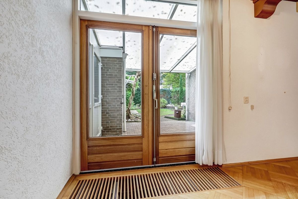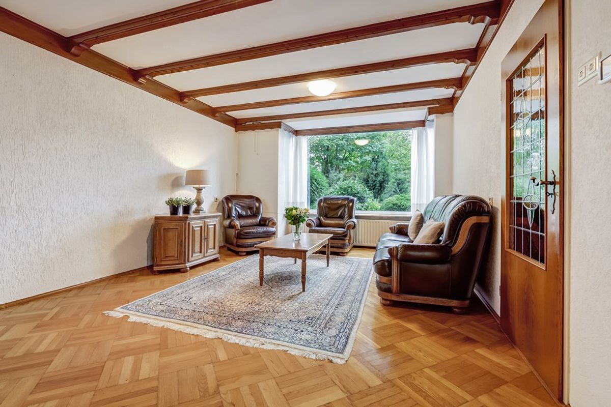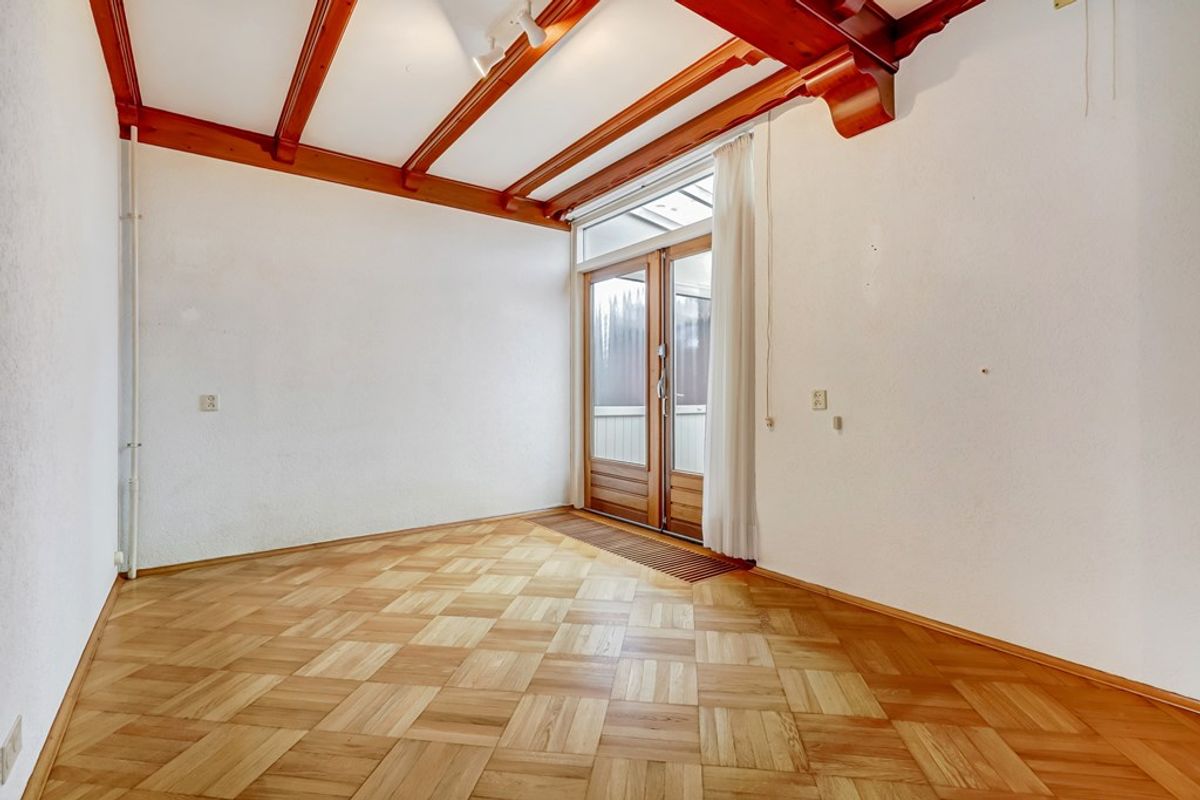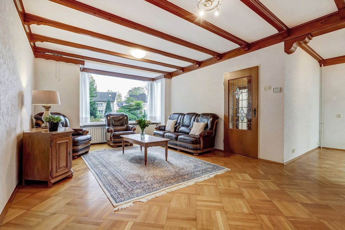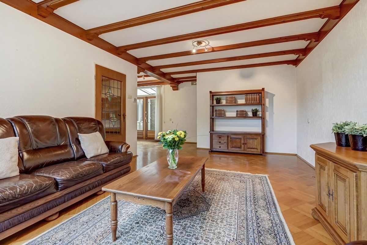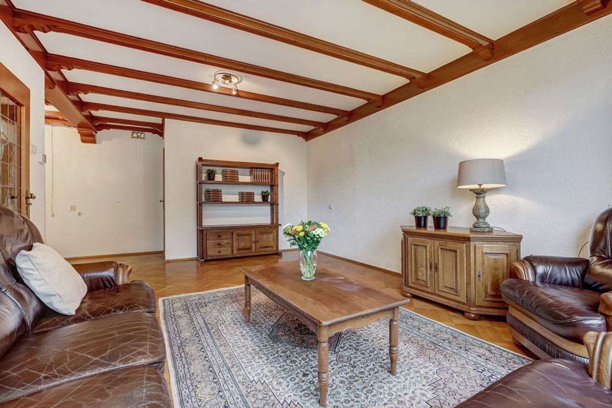De sfeervolle woonkamer bereik je via een karakteristieke deur met glas-in-loodramen. De royale erker aan de voorzijde en de openslaande deuren aan de achterzijde zorgen voor veel lichtinval en een fijn uitzicht op het groen rondom de woning. Dankzij de combinatie van de fraaie houten vloer en de zichtbare balken bij het plafond ademt deze ruimte warmte, gezelligheid en een vleugje nostalgie.
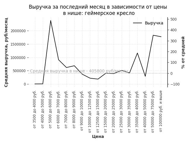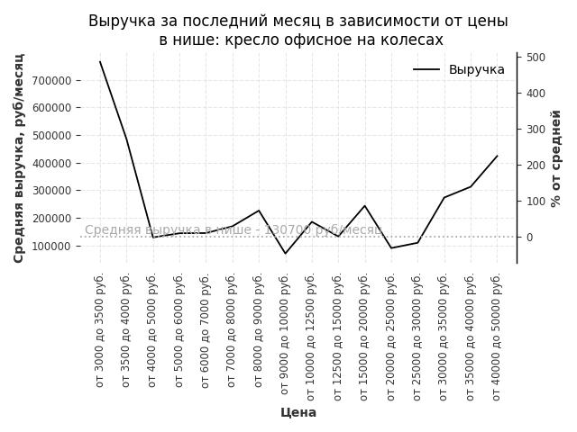 Средняя выручка в нише - 130700 руб./месяц. Максимальная выручка 764800 руб./месяц, на 490% больше среднего в нише, была при цене от 3000 до 3500 руб. руб.
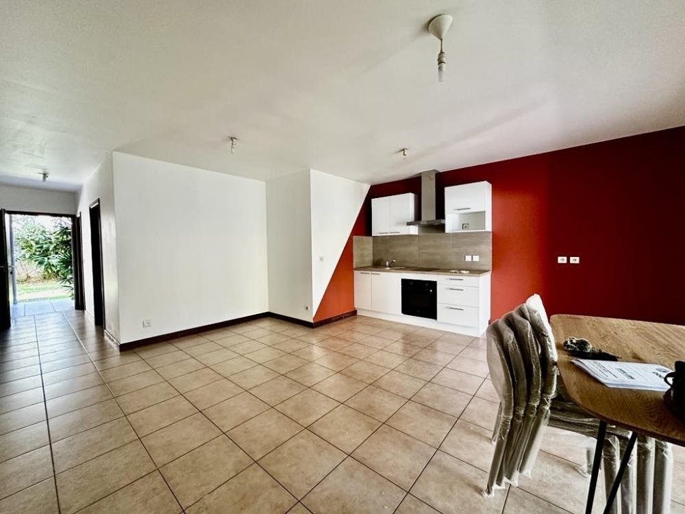 Le séjour lumineux de 26,6 m² est ouvert sur une cuisine équipée (four, plaque, hotte), créant un espace convivial et pratique au quotidien. La terrasse couverte prolonge naturellement le séjour pour profiter pleinement de l'extérieur.
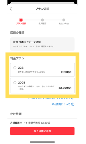 流れに沿って、料金プラン・かけ放題オプションの有無などを選択していきます。
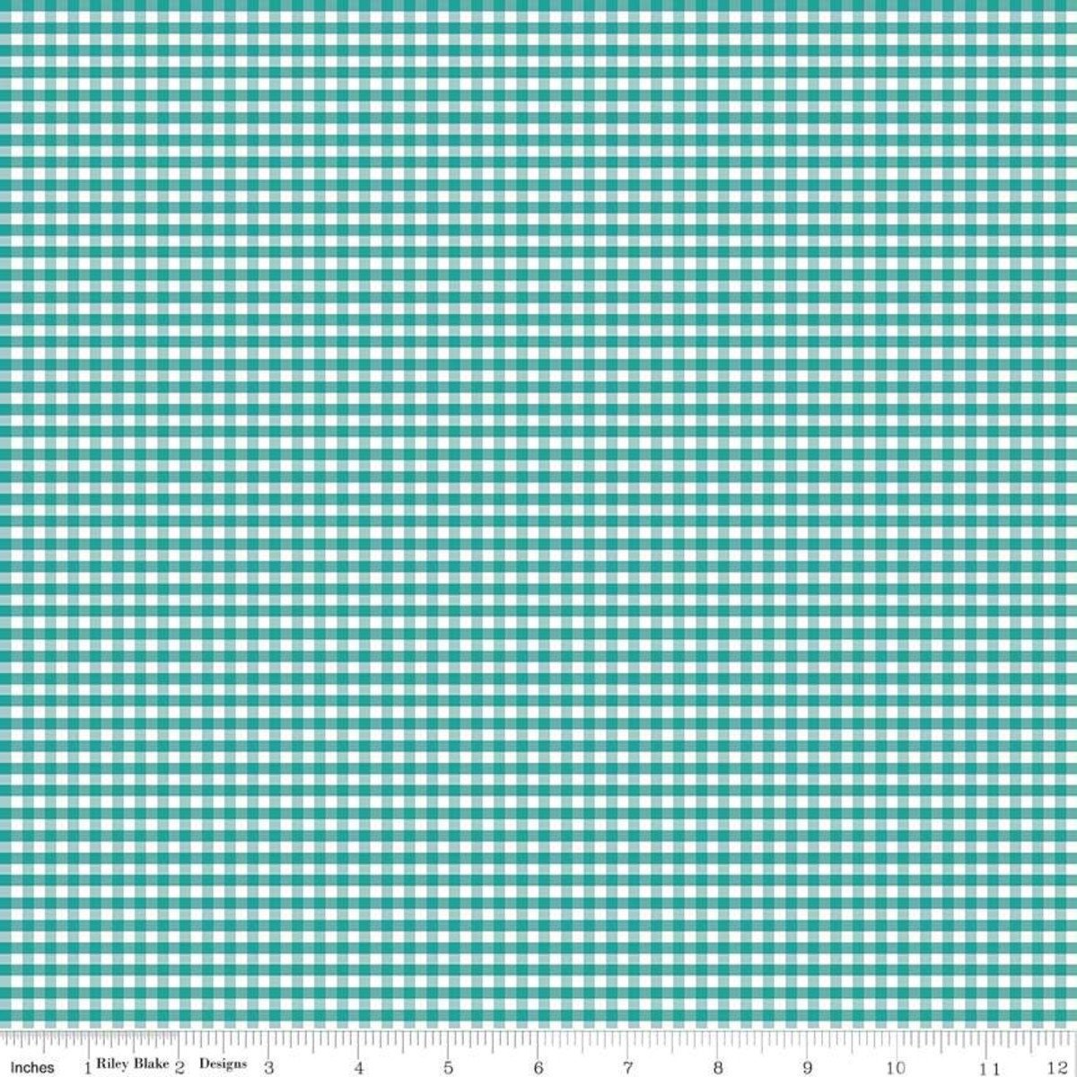 Teal & White 1/8" Eighth Inch Small PRINTED Gingham - Riley Blake Designs - Blue Checker - Quilting Cotton Fabric
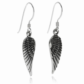 Netradiční visací dámské náušnice v jednoduchém tvaru nesou nápaditý motiv andělských křídel. Andělé jsou oblíbeným symbolem, který se v dávných dobách používal pro ochranu. Každá náušnice představuje jedno pěkně zpracované křídlo, jehož detaily dobře vynikají díky starostříbrné úpravě povrchu.

* * *

### Work instructions
Return all the data exactly, pictures omitted.

### Response
De sfeervolle woonkamer bereik je via een karakteristieke deur met glas-in-loodramen. De royale erker aan de voorzijde en de openslaande deuren aan de achterzijde zorgen voor veel lichtinval en een fijn uitzicht op het groen rondom de woning. Dankzij de combinatie van de fraaie houten vloer en de zichtbare balken bij het plafond ademt deze ruimte warmte, gezelligheid en een vleugje nostalgie.
 Средняя выручка в нише - 130700 руб./месяц. Максимальная выручка 764800 руб./месяц, на 490% больше среднего в нише, была при цене от 3000 до 3500 руб. руб.
 Le séjour lumineux de 26,6 m² est ouvert sur une cuisine équipée (four, plaque, hotte), créant un espace convivial et pratique au quotidien. La terrasse couverte prolonge naturellement le séjour pour profiter pleinement de l'extérieur.
 流れに沿って、料金プラン・かけ放題オプションの有無などを選択していきます。
 Teal & White 1/8" Eighth Inch Small PRINTED Gingham - Riley Blake Designs - Blue Checker - Quilting Cotton Fabric
 Netradiční visací dámské náušnice v jednoduchém tvaru nesou nápaditý motiv andělských křídel. Andělé jsou oblíbeným symbolem, který se v dávných dobách používal pro ochranu. Každá náušnice představuje jedno pěkně zpracované křídlo, jehož detaily dobře vynikají díky starostříbrné úpravě povrchu.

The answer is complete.